Problem: Cloudflare will route jellyfin.domain.com to ANY server (A, B, C or D randomly), but Jellyfin is only on Server A! 💥 Result:

  • 75% of the requests will result in error 502 (they fell on the wrong server)
  • You lose control of where each service runs
  • Total mess

Works but it’s not recommended.

In this case, THE CORRECT WAY to use replicas with a single Tunnel would be a Tunnel sharing ONLY when the SAME service is replicated on MULTIPLE machines:

Scenario 1: You want failover from Open WebUI

┌─────────────────────┐
│ Tunnel "openwebui"  │
└─────────────────────┘

    ┌────┴────┐
    ▼         ▼
┌─────────┐ ┌─────────┐
│Server A │ │Server B │
│         │ │         │  ← Same Open WebUI (PostgreSQL+Redis shared)
│OpenWebUI│ │OpenWebUI│
└─────────┘ └─────────┘

Works, because Open WebUI is in the two servers.
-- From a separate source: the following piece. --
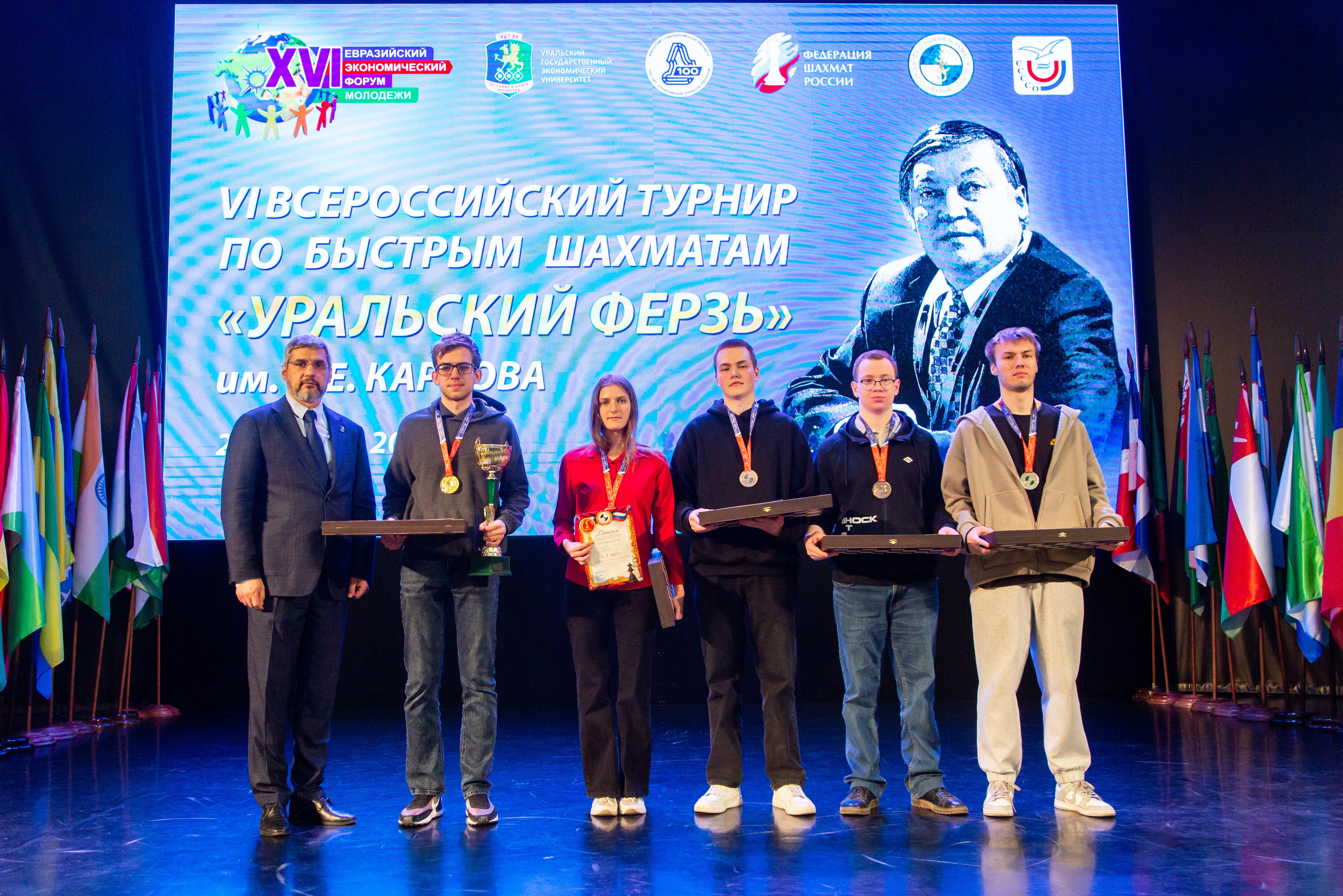 22 апреля в Екатеринбурге прошли Всероссийские соревнования VI турнир «Уральский ферзь» им. А.Е.Карпова по быстрым шахматам среди старших школьников и студентов средних и высших учебных учреждений
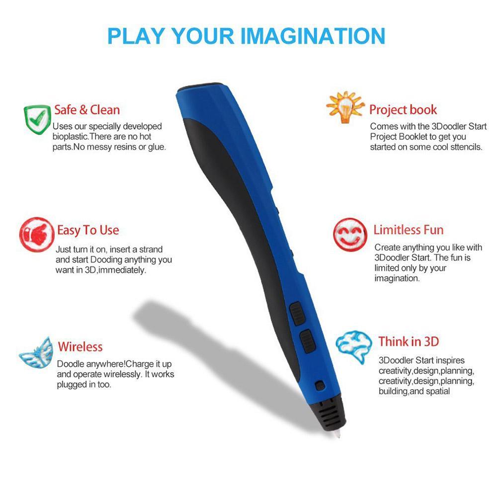 Robxug Pencetaka 3D Pena 2nd Generasi Cerdas 3D Gambar Model untuk Mencoret-coret, art Craft Membuat dan Pendidikan dengan 3 Free 1.75 Mm Filamen ABS (Biru)

Scenario 2: Jellyfin is only on 1 server

┌──────────────────┐
│ Tunnel "media"   │
└──────────────────┘


    ┌─────────┐
    │Server A │
    │         │
    │Jellyfin │ ← Only here
    └─────────┘

✅ Correct! Dedicated Tunnel because Jellyfin is only in 1 place.

Summary:

  • 1 tunnel per machine: Different services in different machines
  • 1 tunnel in multiple machines: Same service replicated (failover)
  • 1 tunnel in all machines: Never (unless all services are in all machines)

Remember kindly

Don’t forget that you need shared data to be accessible by all servers, otherwise you’ll have inconsistencies in the data. And until configurations diverge, or having to configure each one differently.